/operations-software-druid_exporter

This is a mirror from https://gerrit.wikimedia.org. See https://www.mediawiki.org/wiki/Developer_access for contributing.

Primary LanguagePythonApache License 2.0Apache-2.0

Prometheus exporter for Druid (http://druid.io/)

Collects HTTP POST JSON data coming from Druid daemons and expose them formatted following the Prometheus standards.

Running

The easiest way to run druid_exporter is via a virtualenv:

  LC_ALL="en_US.UTF-8" LC_CTYPE="en_US.UTF-8" LC_ALL="en_US.UTF-8" virtualenv -p python3 .venv
  LC_ALL="en_US.UTF-8" LC_CTYPE="en_US.UTF-8" .venv/bin/python setup.py install
  .venv/bin/druid_exporter

By default metrics are exposed on TCP port 8000. Python 2 is not supported.

Druid versions supported

This exporter is forked from the Wikimedia foundation, now tested with druid 0.11.0 so it might not work as expected for newer versions.

How does it work?

Druid can be configured to emit metrics (JSON data) to a HTTP endpoint configured via the following runtime properties:

http://druid.io/docs/0.11.0/configuration/index.html#http-emitter-module

The druid prometheus exporter accepts HTTP POST data, inspects it and stores/aggregates every supported datapoint into a data structure.
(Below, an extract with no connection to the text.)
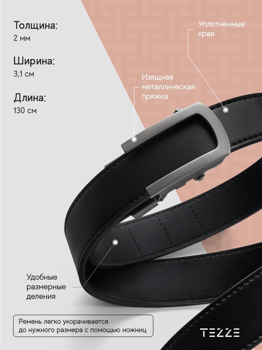 Ремень AksyBelt для мужчин, размер 120, черный гладкий

It then formats the data on the fly to Prometheus metrics when a GET /metrics is requested.

This exporter is supposed to be run on each host running a Druid daemon.

Supported metrics and labels

Broker, Historical (histograms)

  • query/time [datasource]
  • query/bytes [datasource]
  • query/cache/total/numEntries
  • query/cache/total/sizeBytes
  • query/cache/total/hits
  • query/cache/total/misses
  • query/cache/total/evictions
  • query/cache/total/timeouts
  • query/cache/total/errors

Historical, Coordinator (counters)

  • segment/max [datasource]
  • segment/count [datasource]

Historical (counters)

  • segment/used [datasource]
  • segment/scan/pending

Coordinator (counters)

  • segment/assigned/count [tier]
  • segment/moved/count [tier]
  • segment/dropped/count [tier]
  • segment/deleted/count [tier]
  • segment/unneeded/count [tier]
  • segment/overShadowed/count
  • segment/loadQueue/failed [server]
  • segment/loadQueue/count [server]
  • segment/dropQueue/count [server]
  • segment/size [datasource]
  • segment/unavailable/count [datasource]
  • segment/underReplicated/count [datasource, tier]

Peon (counters)

  • query/time [datasource]
  • query/bytes [datasource]
  • ingest/events/thrownAway [dataSource]
  • ingest/events/unparseable [dataSource]
  • ingest/events/processed [dataSource]
  • ingest/rows/output [dataSource]
  • ingest/persists/count [dataSource]
  • ingest/persists/failed [dataSource]
  • ingest/handoff/failed [dataSource]
  • ingest/handoff/count [dataSource]

Realtime metrics have been tested only when emitted by Peons, since the Wikimedia use case (for the moment) is to use Tranquillity rather than Real Time nodes.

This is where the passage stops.